La espina en la carne enviada por Dios | Octavius Winslow

Respecto a lo cual tres veces he rogado al Señor, que lo quite de mí.
2 CORINTIOS 12:8

Cuando Pablo oró para que se le quitara la espina en la carne, pidió a Dios algo que delataba una falta de juicio en su estimación de la cosa que pedía. ¿Quién habría sospechado esto en el apóstol de los gentiles? Pero el Señor sabía mejor que nadie lo que convenía a su querido siervo. Vio que, a causa de las peculiares revelaciones que le fueron dadas en su visita a la gloria, la disciplina del pacto era necesaria para mantenerlo bajo el polvo. Y cuando su hijo pidió tres veces que se le quitara la espina en la carne, por un momento pasó por alto, en la naturaleza dolorosa de la disciplina, su necesaria influencia para mantenerlo «caminando humildemente con Dios». De modo que vemos que incluso un apóstol inspirado puede pedir esas cosas a Dios, que Él puede considerar oportuno rechazar. Con frecuencia podemos esperar alguna prueba, algo que nos mantenga humildes ante Dios, después de un tiempo de peculiar cercanía a Él, una manifestación de Su bondad amorosa hacia nuestras almas.
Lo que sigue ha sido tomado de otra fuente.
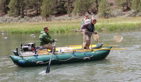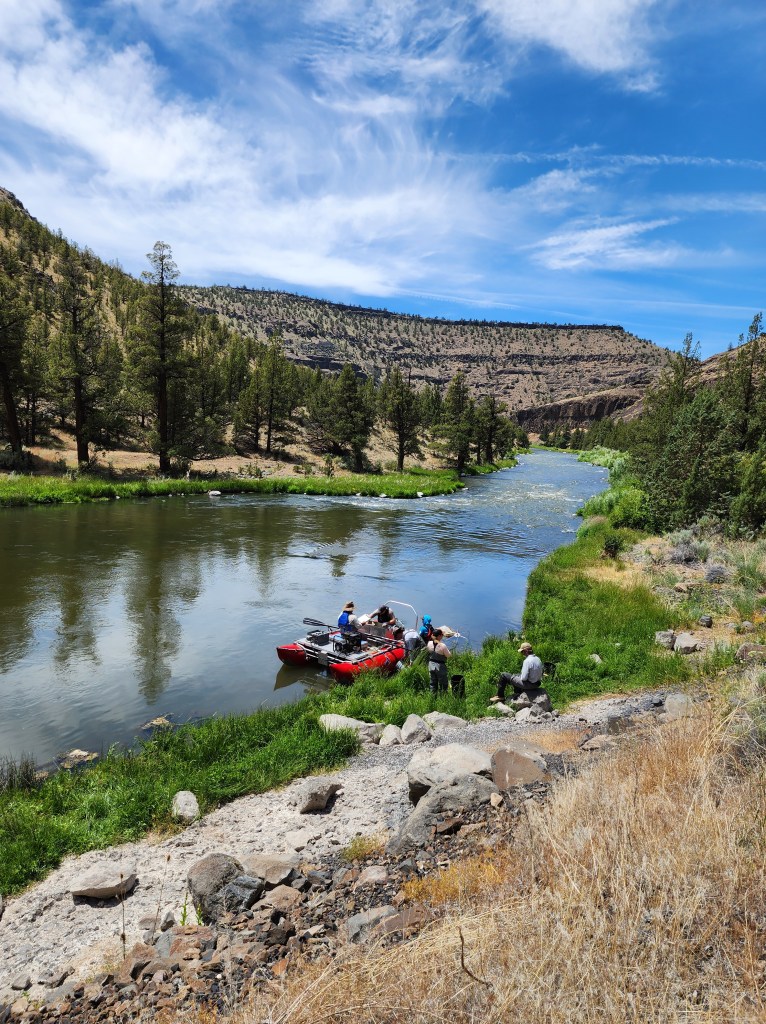 Every year ODFW electrofishes the Crooked River below Bowman Dam to estimate fish size, health, and abundance and they are looking for volunteer help June 21-23. Volunteers walk down the bank of the river while ODFW biologists float and shock the river.ย Fish near the boat are temporally stunned by the electric current and float to the surface where they are captured, counted, and measured.ย I first helped with this many years ago and it made me a far better angler on the Crooked and elsewhere. ย ย Even after decades of fishing experience and โreading the waterโ, I was amazed to see where fish were holding and in what numbers.ย ย If you are interested in helping, contact Tim Porter, Assistant District Fish Biologist in Prineville, atย (541) 447-5111 ext. 24 or Timothy.K.Porter@state.or.us.ย Let him know which day(s) you can help and he will get back to you with more detailed info.ย You need to be able to carry buckets of stunned fish back upstream to release them near where they were captured.ย The day usually lasts from 8:30 am until 2 pm.

Hay una tendencia a descansar en la autocomplacencia después de una estrecha comunión con Dios, que la mano suave de nuestro Padre es necesaria para protegernos de nosotros mismos. Así fue con Pablo, y ¿por qué no podría serlo con nosotros? Sin embargo, al negar lo que le pedimos, podemos estar seguros de que nos concederá un equivalente perfecto. El Señor consideró oportuno negar la petición del apóstol, pero le concedió un equivalente (sí, más que un equivalente) a lo que le negó: le dio su gracia que todo lo sostiene. «Bástate mi gracia». Amado lector, ¿has pedido durante mucho tiempo que te quiten alguna cruz secreta, pesada y dolorosa? Tal vez todavía estás insistiendo en tu petición y, sin embargo, el Señor parece no responderte. ¿Y por qué? Porque la petición puede no ser sabia en sí misma. Si Él quitara ahora esa cruz, podría, al quitar la cruz, cerrar un canal de misericordia que nunca dejarías de lamentar. ¡Oh, qué secreta e inmensa bendición puede ser esa dolorosa cruz el medio de transportar a tu alma!